> _DIRECTIONS FOR THIS TASK_
If a line in the listing below contains "also", return that line.

> _AVAILABLE DATA_
════════

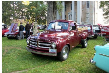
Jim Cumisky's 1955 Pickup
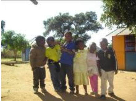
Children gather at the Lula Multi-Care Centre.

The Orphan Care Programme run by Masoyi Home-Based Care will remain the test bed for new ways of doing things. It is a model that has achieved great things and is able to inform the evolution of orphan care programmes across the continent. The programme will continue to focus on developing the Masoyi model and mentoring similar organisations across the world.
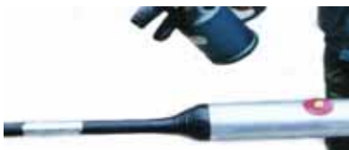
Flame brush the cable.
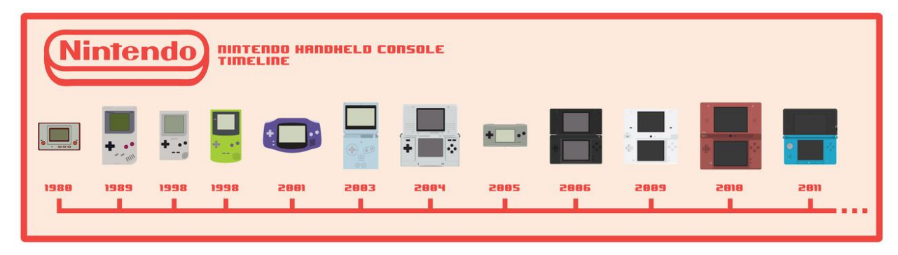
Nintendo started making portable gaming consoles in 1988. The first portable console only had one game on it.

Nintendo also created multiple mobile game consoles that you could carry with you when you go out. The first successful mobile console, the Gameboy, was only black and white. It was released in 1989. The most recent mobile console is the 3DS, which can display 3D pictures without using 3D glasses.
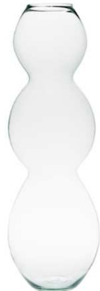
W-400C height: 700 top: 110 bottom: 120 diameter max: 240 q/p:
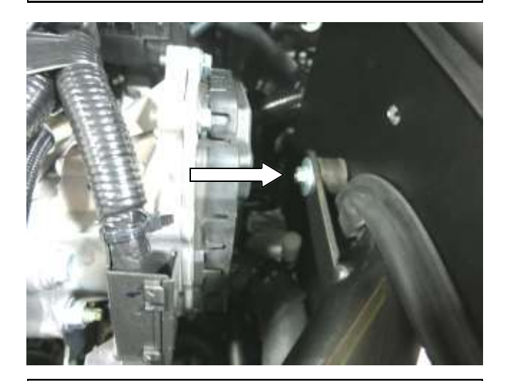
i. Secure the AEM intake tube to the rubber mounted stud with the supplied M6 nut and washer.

════════

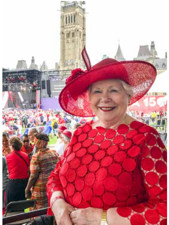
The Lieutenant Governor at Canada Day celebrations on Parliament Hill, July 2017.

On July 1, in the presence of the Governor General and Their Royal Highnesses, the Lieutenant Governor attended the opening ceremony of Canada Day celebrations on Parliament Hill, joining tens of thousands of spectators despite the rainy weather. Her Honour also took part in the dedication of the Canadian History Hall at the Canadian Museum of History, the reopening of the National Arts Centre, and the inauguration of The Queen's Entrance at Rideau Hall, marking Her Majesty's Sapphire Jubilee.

════════

> _FINISHED EXERCISE_
Nintendo also created multiple mobile game consoles that you could carry with you when you go out. The first successful mobile console, the Gameboy, was only black and white. It was released in 1989. The most recent mobile console is the 3DS, which can display 3D pictures without using 3D glasses.
On July 1, in the presence of the Governor General and Their Royal Highnesses, the Lieutenant Governor attended the opening ceremony of Canada Day celebrations on Parliament Hill, joining tens of thousands of spectators despite the rainy weather. Her Honour also took part in the dedication of the Canadian History Hall at the Canadian Museum of History, the reopening of the National Arts Centre, and the inauguration of The Queen's Entrance at Rideau Hall, marking Her Majesty's Sapphire Jubilee.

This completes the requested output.